The choice of business organisation
An individual can be in business as a sole trader or as a limited company.
The three main types of organisation for people in business together are the partnership, the limited company and the limited liability partnership (LLP). So far not many businesses have chosen to trade as an LLP but we think that these will eventually become popular, as they are in other countries.
One person organisations
Sole trader
A sole trader is simply an individual in business for himself. He is fully responsible for the business and its debts. He pays tax and national insurance contributions on his profit. A sole trader is useful when:
- Simplicity and low cost is important. You just register with the tax office within three months to pay the class 2 (fixed weekly rate) of national insurance contributions.
- You prefer privacy. The public cannot inspect your accounts.
Limited company
The company and the owner are separate persons and each pay tax. This structure is suitable when:
- There are risks for which insurance is not available.
- Some owners or investors are not involved in management.
- You are making a reasonable level of profit or a large part of the profit is retained for investment.
- An image is important.
But
- Formalities must be followed and there are some administrative expenses.
- It is difficult and expensive to arrange shareholdings for staff or to bring in partners at a later date.
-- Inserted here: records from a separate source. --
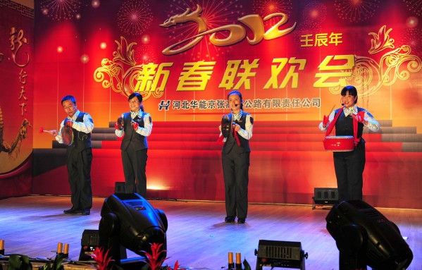 聯(lián)歡會在喜慶歡快的歌舞《開門紅》中拉開序幕。在歷時(shí)兩個(gè)小時(shí)的演出中,來自公司文藝隊(duì)、各部門、站區(qū)的演員為觀眾獻(xiàn)上一臺異彩紛呈、豐富多彩、高潮迭起的精彩節(jié)目。高亢嘹亮的歌唱、賞心悅目的民族舞和現(xiàn)代勁舞,贏得了觀眾的陣陣掌聲。聯(lián)歡會上最受歡迎的是由一些由公司基層一線職工自編自演的音樂快板《兔年京張喜事多》、小品《女友的生日》、三句半《二級路的人和事》、合唱《收費(fèi)員之歌》等節(jié)目,謳歌了公司2011年取得的成就,歌頌了一線收費(fèi)人員甘于奉獻(xiàn)、舍小家為大家、堅(jiān)守收費(fèi)一線的動人事跡,贏得了在場人員的共鳴。最后,聯(lián)歡會在合唱《陽光路上》的優(yōu)美歌聲中圓滿結(jié)束。整場演出高潮迭起,掌聲不斷,展示了公司蒸蒸日上、蓬勃發(fā)展、團(tuán)結(jié)進(jìn)取的新景象,表達(dá)了大家對公司和諧發(fā)展、再鑄輝煌的期望和信心。演出結(jié)束后,公司領(lǐng)導(dǎo)與演員合影留念。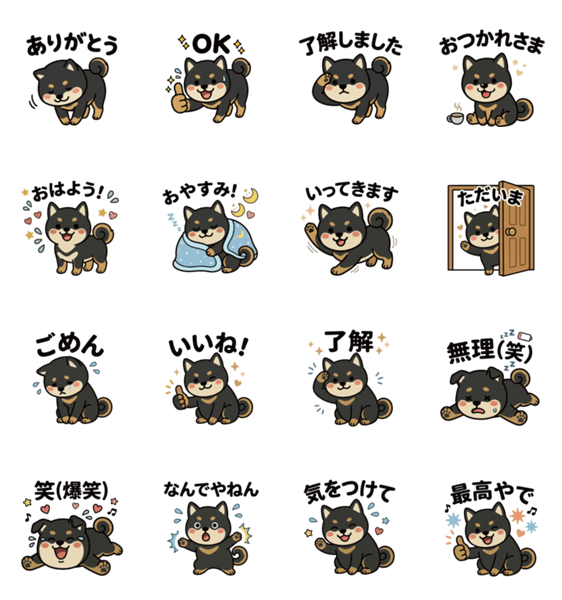 黒柴スタンプ|かわいい日常会話16個セット -LINEスタンプマニア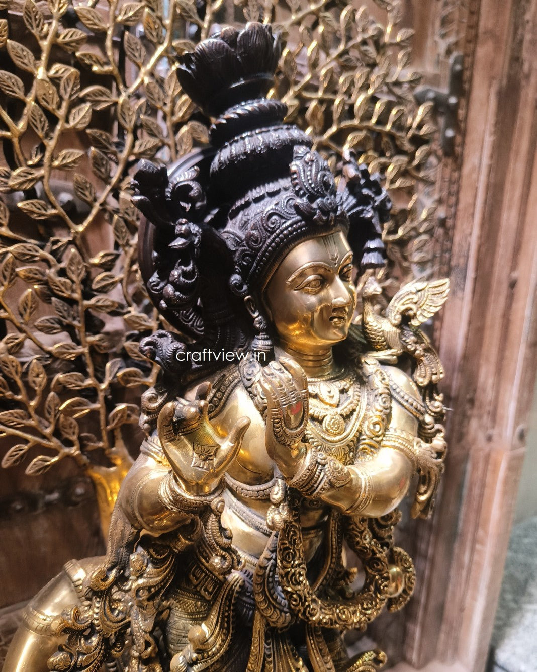Whether you're looking to enhance your living room or create a serene meditation corner, this Krishna statue fits perfectly into any setting. And because it includes a tree motif, it adds an extra layer of symbolism and elegance. Because of its versatility, it works well in both traditional and modern homes, making it a timeless piece of décor.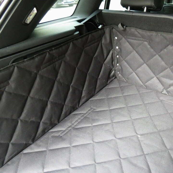 The liner covers the floor, side walls, back of the rear seats, and the boot lip. It is easily adjusted and secured using hook-and-loop fasteners and elastic straps.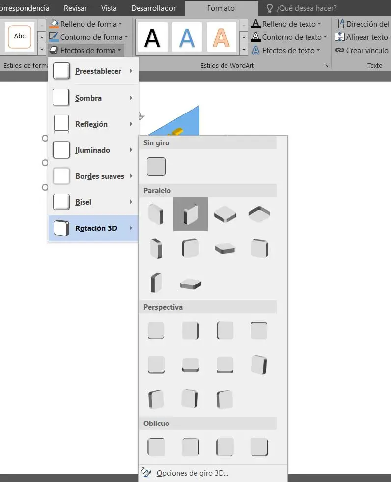 D’autre part, nous trouvons la section intitulée Effets de forme, qui peut être l’une des plus frappantes pour cette conception. Nous vous disons cela car à partir de cette section, nous aurons la possibilité d’intégrer une série d’effets attrayants au design WordArt que nous créons en ce moment. Pour tout cela nous avons une multitude d’effets liés à l’ombrage, l’éclairage, le lissage des bords, l’ajout d’un biseau , voire un aspect 3D .

When sharing the business with another person
Partnership
Two or more people in business together. A partnership is useful when:
- Flexibility is important. You can easily change the membership or profit sharing arrangements.
- There is low commercial risk or risk capable of being covered by insurance.
- Most of the profit will be drawn out of the business.
- It is a small venture where low administrative costs are important.
But
- It can be tax inefficient if a significant part of the profit has to be kept in the business to pay off debts or finance expansion.
- For little extra cost an LLP could be used.
Limited liability partnership
These organisations are companies for company law purposes, but are taxed as partnerships. They are suitable when:
- There are risks for which insurance is not available.
- You need flexibility to easily change the membership or profit sharing arrangements.
- Most of the profit will be drawn out of the business.
But
- They are unfamiliar, though many professional partnerships have now converted to an LLP.
- The taxation burden may be high if a large part of the profit is retained to finance expansion.
Limited company
See above for the main features, but when owned by more than one person:
It is difficult and expensive to re-arrange the ownership to change the profit sharing or to introduce new owners or to deal with resignations.
Common to all businesses
All businesses must show some information on ALL business letters, emails and purchase orders.
A sole trader or partnership must show the name of the owner (or the names of all the partners) and the address of the main place of business.
A limited company or limited liability partnership must show:
- The full name as registered at companies house.
- Place of registration, normally - Registered in England and Wales.
- The registered number.
- Registered office address.
- In the case of an LLP, the fact that it is a limited liability partnership.